Idiopathic normal pressure hydrocephalus (iNPH) is frequently underdiagnosed due to non-specific symptoms and the risks of invasive testing. While disproportionately enlarged subarachnoid space hydrocephalus (DESH) is a hallmark imaging feature, manual assessment is subjective and qualitative. We developed the Disproportionately Elevated Sulcal Index (DESI), a fully automated deep learning-based volumetric biomarker, to objectively quantify these morphological changes. We trained a U-Net model with an EfficientNet-B0 encoder on T1-weighted MRI scans from the Baltimore Longitudinal Study of Aging and Johns Hopkins Clinic (n=1,248) to segment Sylvian fissures and superior sulcal spaces. DESI was defined as the volumetric ratio of the Sylvian fissure to superior sulci within an AC-PC aligned wedge. The model was externally validated on the multi-site PENS trial dataset (n=94), comparing NPH patients against healthy controls and participants with Alzheimer's disease and vascular dementia. In external validation, DESI demonstrated high diagnostic accuracy.
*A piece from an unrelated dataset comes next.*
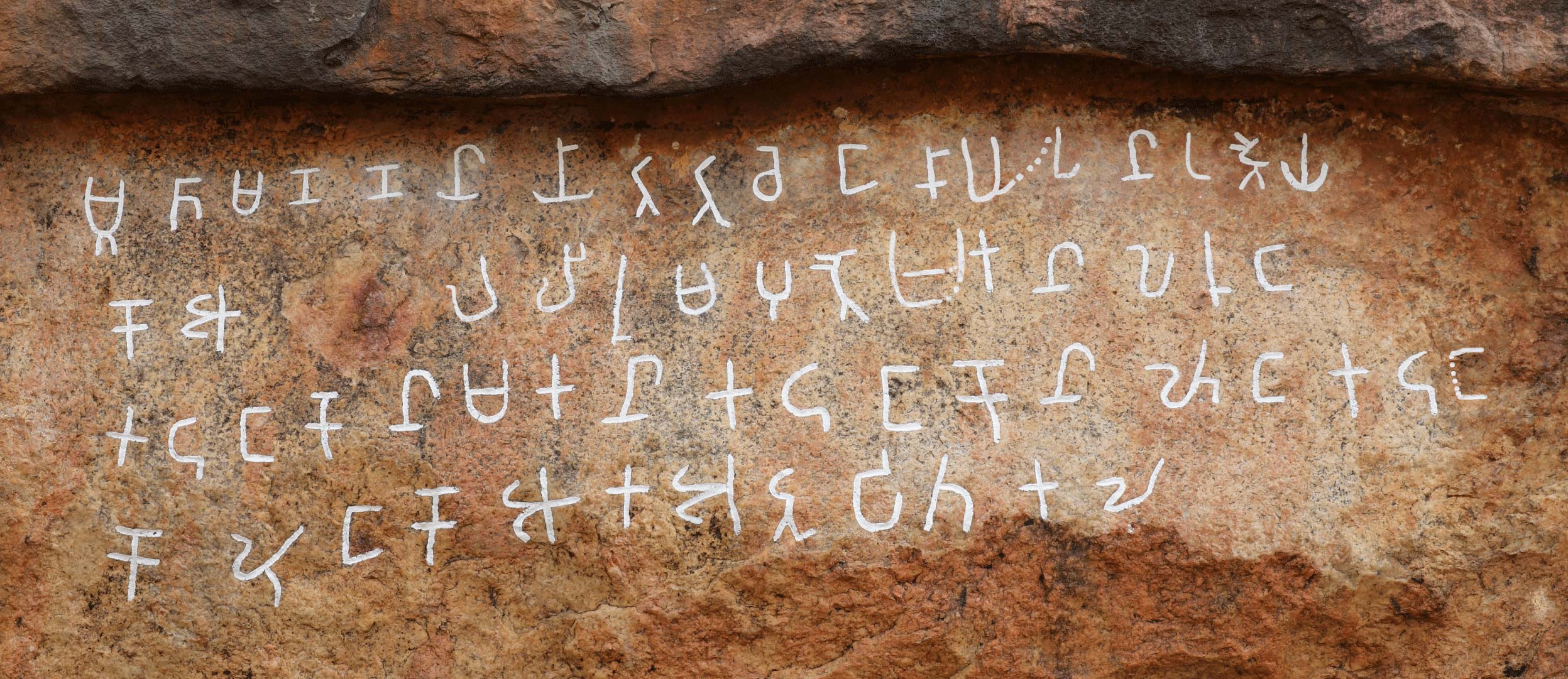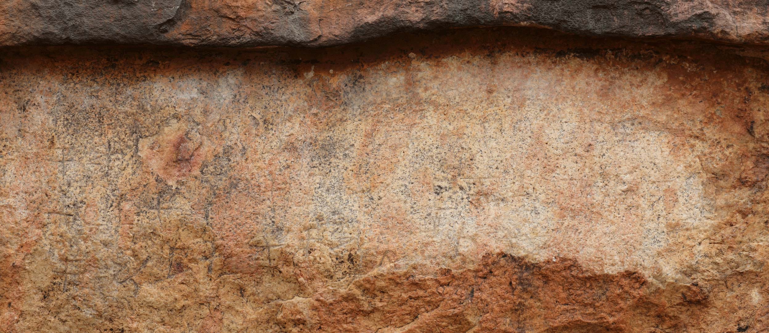 The upper inscription on the brow of the cave. L.1 is worn very thin due to weathering. L. 2 is damaged in the middle due to flaking of the stone. The upper inscription seems to have been engraved later than the lower inscription (61) when the height of the drip ledge was increased.

The index distinguished NPH patients with DESH features from non-DESH NPH cases with an Area Under the Curve (AUC) of 0.97. When differentiating NPH with DESH from a pooled group of healthy controls and neurodegenerative mimics, DESI achieved an AUC of 0.99 (sensitivity 98%, specificity 100%). In a broad comparison of all NPH cases versus all non-NPH groups, DESI maintained an AUC of 0.94. DESI provides a robust, fully automated quantification of sulcal disproportion that effectively differentiates iNPH from normal aging and neurodegenerative mimics. This continuous, non-invasive metric offers a scalable tool for accurate iNPH screening and patient stratification in clinical settings.